This example demonstrates the inference process with thinking budgets using Qwen3 series models. The process involves two steps:

  1. the model generates reasoning content within the specified thinking budget
  2. append the reasoning content to the conversation context and call the model again to get the final response

Environment Setup

  • transformers >= 4.51.0
  • openai >= 1.65.0

Basic Usage

First, you should start a Qwen3 model in thinking mode. You can refer to Quickstart for more details.

Then, you can use the following code to call the model with thinking budgets.

python
from typing import Any, Dict, List

import openai
from transformers import AutoTokenizer


class ThinkingBudgetClient:
    def __init__(self, base_url: str, api_key: str, tokenizer_name_or_path: str):
        self.base_url = base_url
        self.api_key = api_key
        self.tokenizer = AutoTokenizer.from_pretrained(tokenizer_name_or_path)

        self.client = openai.OpenAI(
            base_url=self.base_url,
            api_key=self.api_key
        )
    
    def chat_completion(
        self,
        model: str,
        messages: List[Dict[str, Any]],
        thinking_budget: int = 512,
        max_tokens: int = 1024,
        **kwargs
    ) -> Dict[str, Any]:
        assert max_tokens > thinking_budget, f"thinking budget must be smaller than maximum new tokens. Given {max_tokens=} and {thinking_budget=}"
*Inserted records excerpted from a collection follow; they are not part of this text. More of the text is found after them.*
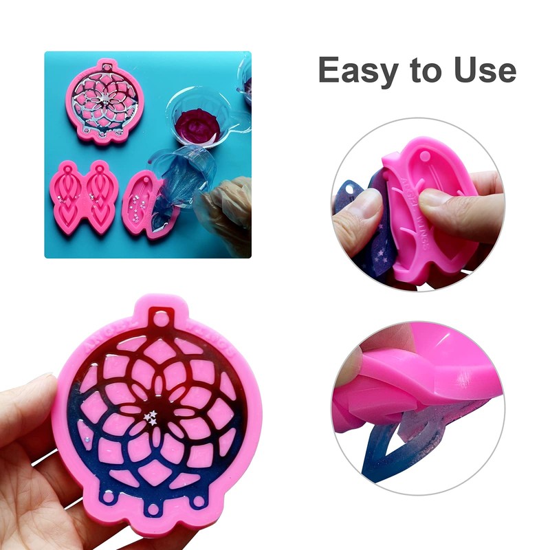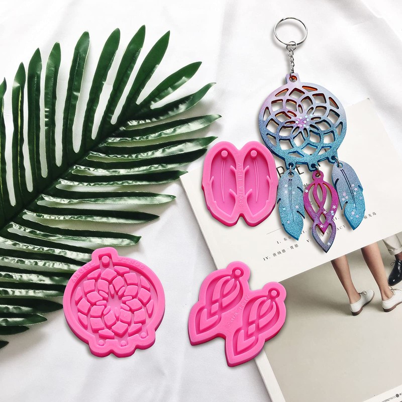 - 【PACKAGE CONTENT】 You will get 3 pieces of silicone molds in 3 different styles including dream catcher/feather/retro hollowout shape mold, 10pcs key rings with chain, 20pcs 6mm open jump rings, 40pcs 8mm open jump rings, 10pcs silver earring hooks and 20pcs clear silicone earring backs stoppers.
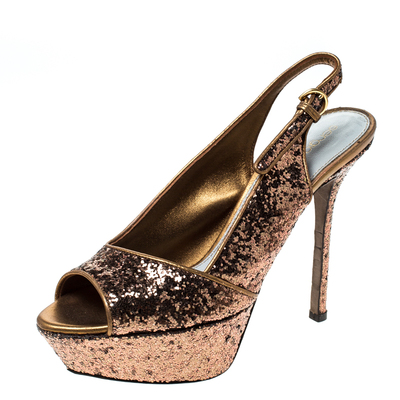 Bold, glamorous and very stylish, these sandals from Sergio Rossi have the power to enchant the crowds. Crafted from metallic gold glitter, these sandals feature a peep toe silhouette and flaunt buckled slingbacks. They come equipped with 12 cm heels, comfortable leather lined insoles and tough platforms. Pair them with high waisted trousers or a chic dress for a fashionable dinner date.
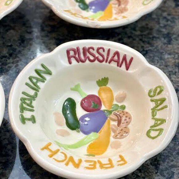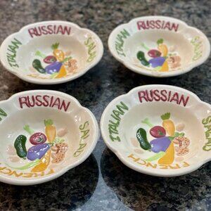 Set of 4 ceramic hand painted salad bowls with wording French, Russian, and Italian and Salad with vegetables embossed in the center with scalloped rims

        # 1. first call chat completion to get reasoning content
        response = self.client.chat.completions.create(
            model=model,
            messages=messages,
            max_tokens=thinking_budget,
            **kwargs
        )
        
        content = response.choices[0].message.content
        reasoning_content = response.choices[0].message.reasoning_content.strip("\n")
        if content is None:
            # reasoning content is too long
            reasoning_content = (
                f"{reasoning_content}"
                "\n\nConsidering the limited time by the user, "
                "I have to give the solution based on the thinking directly now."
            )
        reasoning_tokens_len = len(self.tokenizer.encode(reasoning_content, add_special_tokens=False))
        remaining_tokens = max_tokens - reasoning_tokens_len
        assert remaining_tokens > 0, f"remaining tokens must be positive. Given {remaining_tokens=}. Increase the max_tokens or lower the thinking_budget."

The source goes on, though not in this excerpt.